* **EXERCISE BRIEF**
Leave every picture out. Set down all the lines below exactly.

* **DATA PROVIDED**
--
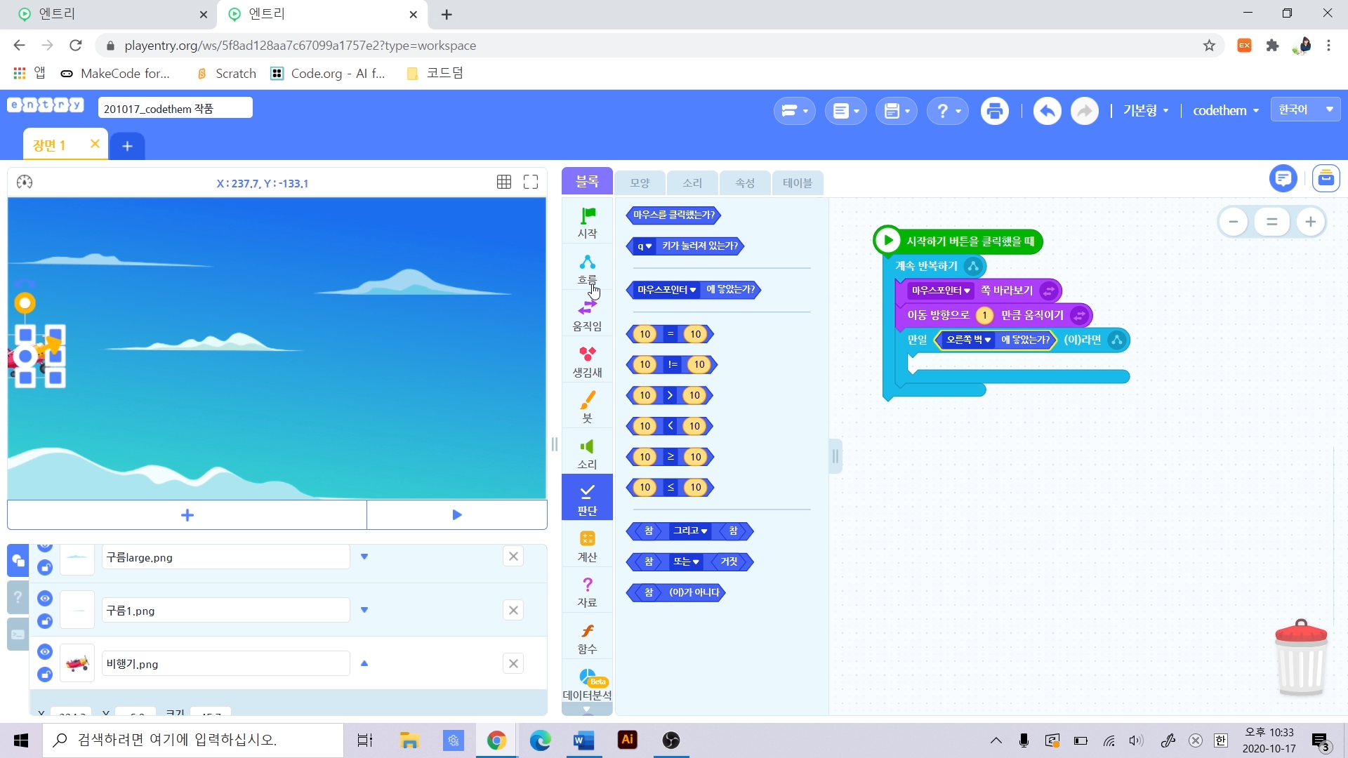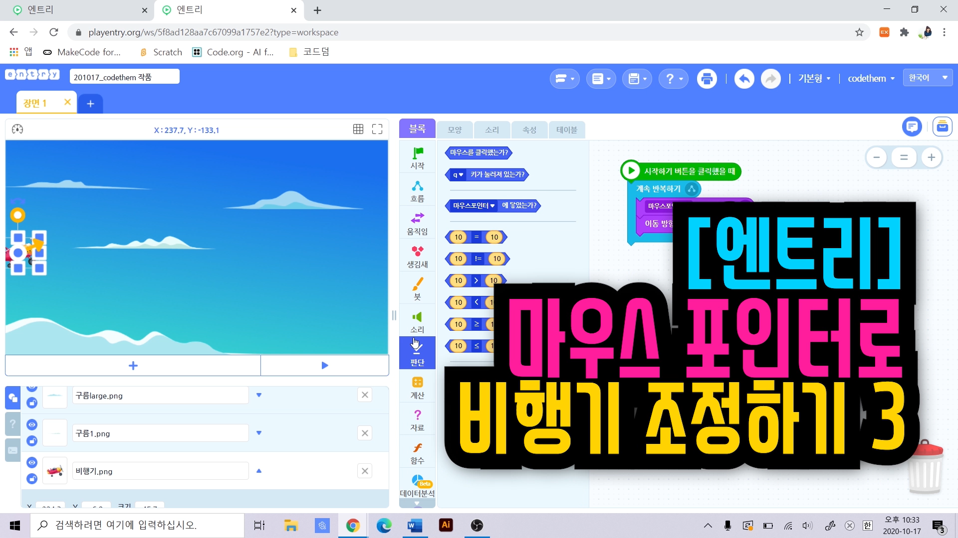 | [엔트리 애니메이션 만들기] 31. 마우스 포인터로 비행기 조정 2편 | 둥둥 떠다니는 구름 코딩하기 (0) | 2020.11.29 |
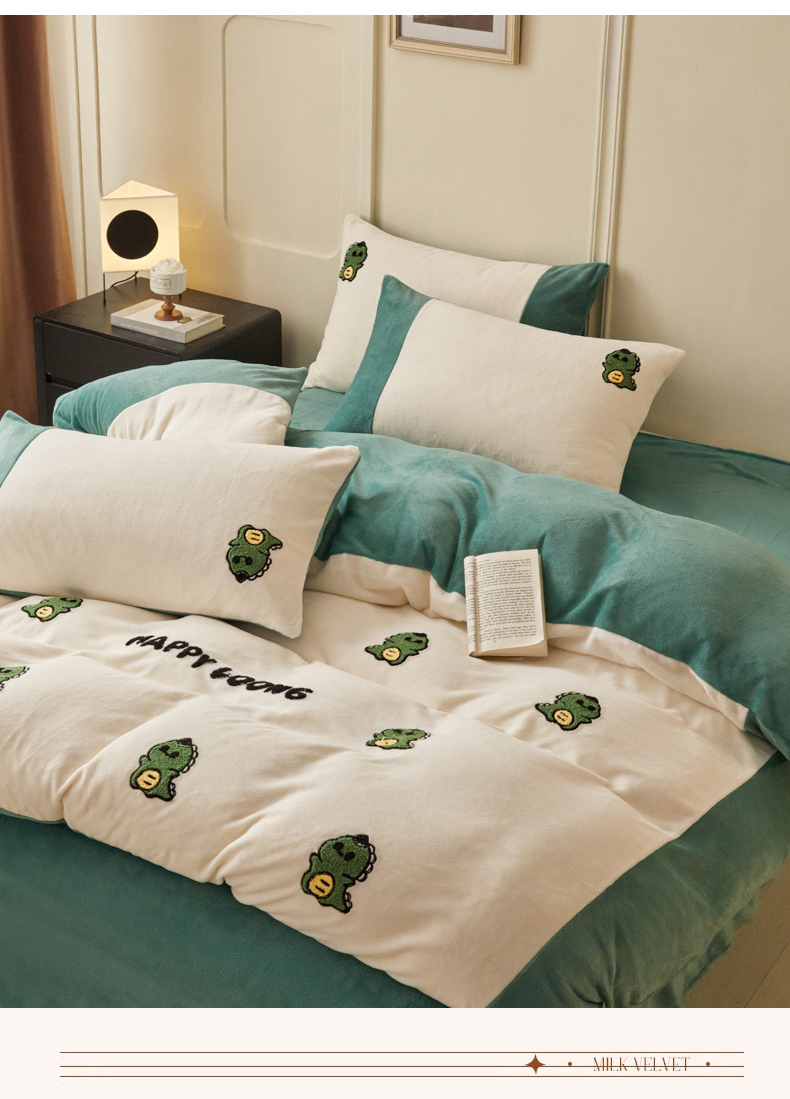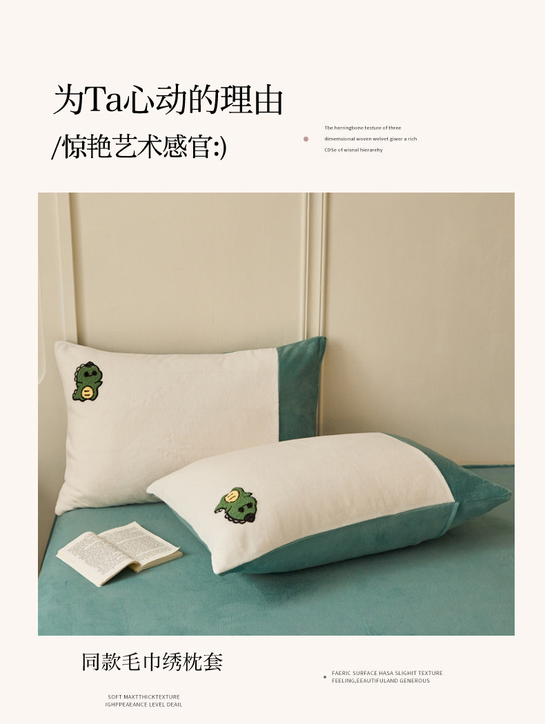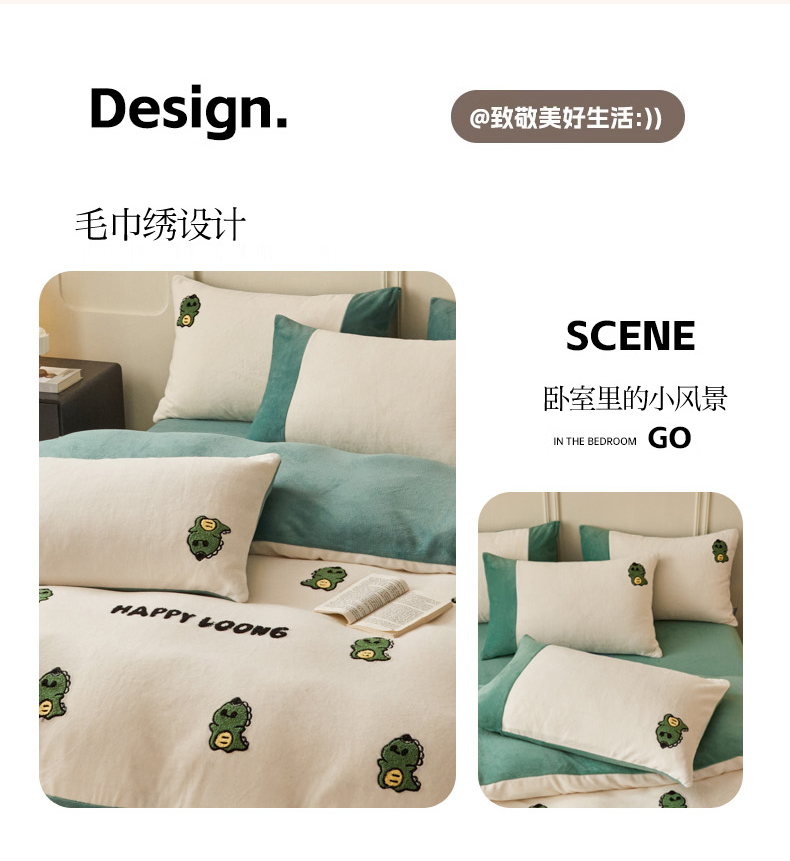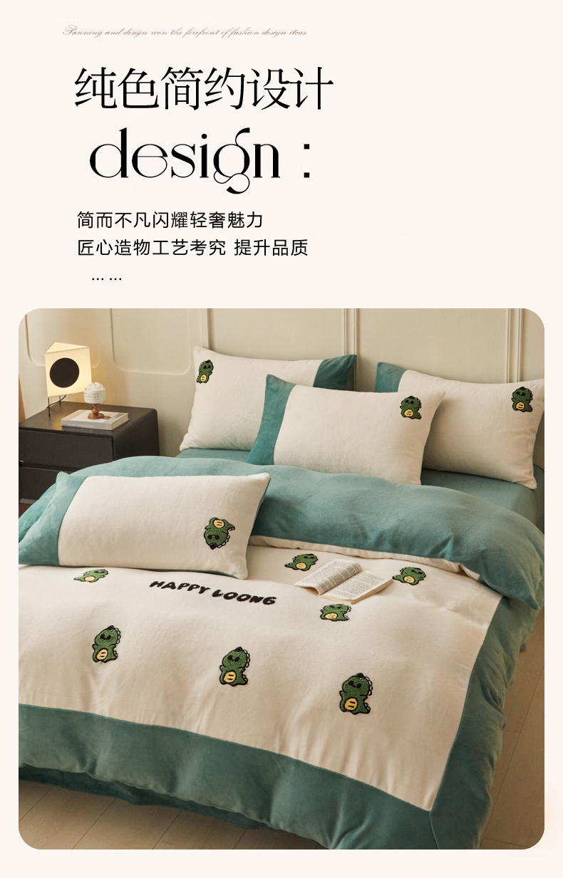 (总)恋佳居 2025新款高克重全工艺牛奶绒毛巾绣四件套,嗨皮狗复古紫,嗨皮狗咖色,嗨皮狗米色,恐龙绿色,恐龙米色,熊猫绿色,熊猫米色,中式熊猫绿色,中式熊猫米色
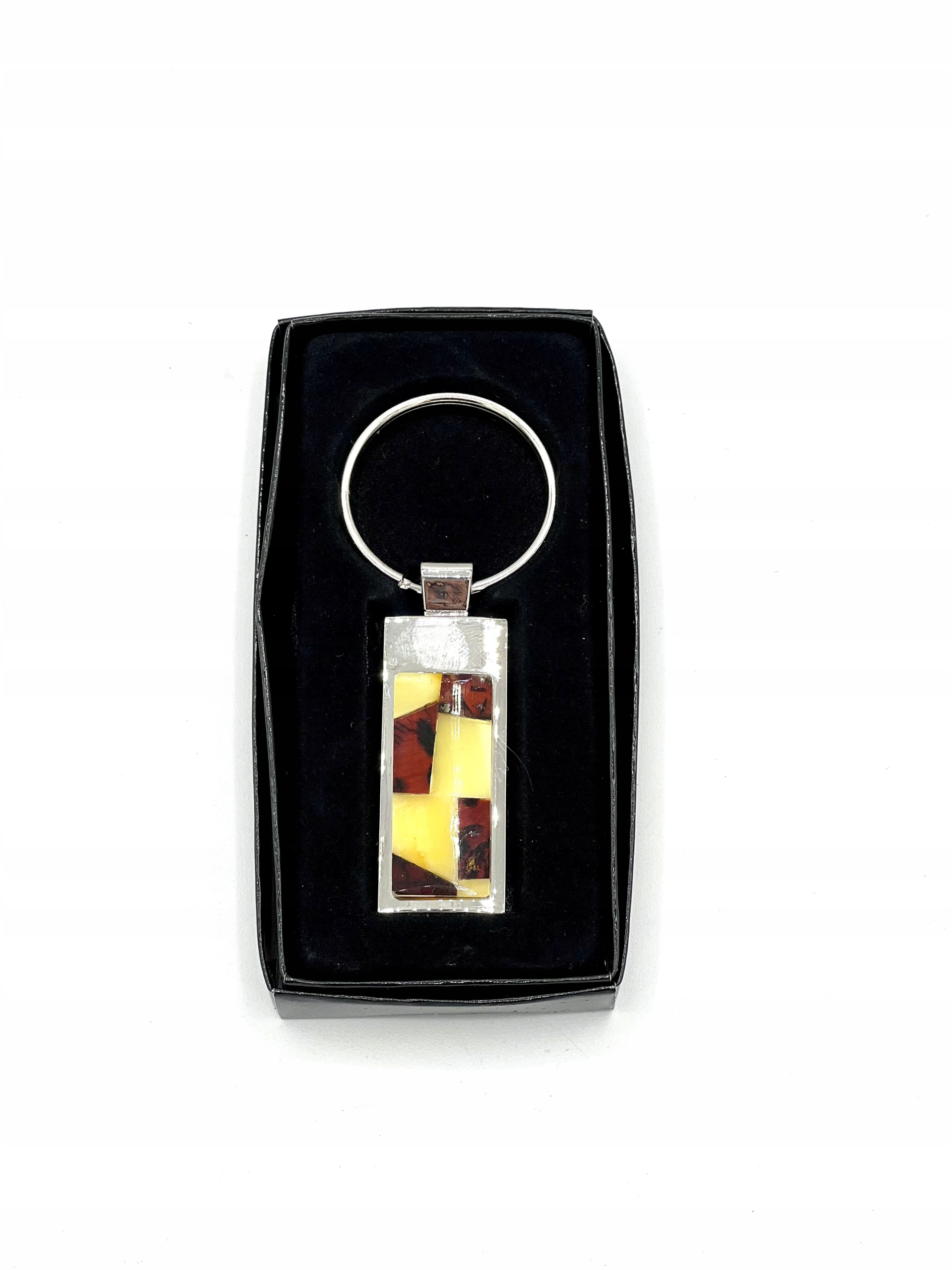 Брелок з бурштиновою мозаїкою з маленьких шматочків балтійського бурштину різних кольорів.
--
* **RESPONSE**
 | [엔트리 애니메이션 만들기] 31. 마우스 포인터로 비행기 조정 2편 | 둥둥 떠다니는 구름 코딩하기 (0) | 2020.11.29 |
 (总)恋佳居 2025新款高克重全工艺牛奶绒毛巾绣四件套,嗨皮狗复古紫,嗨皮狗咖色,嗨皮狗米色,恐龙绿色,恐龙米色,熊猫绿色,熊猫米色,中式熊猫绿色,中式熊猫米色
 Брелок з бурштиновою мозаїкою з маленьких шматочків балтійського бурштину різних кольорів.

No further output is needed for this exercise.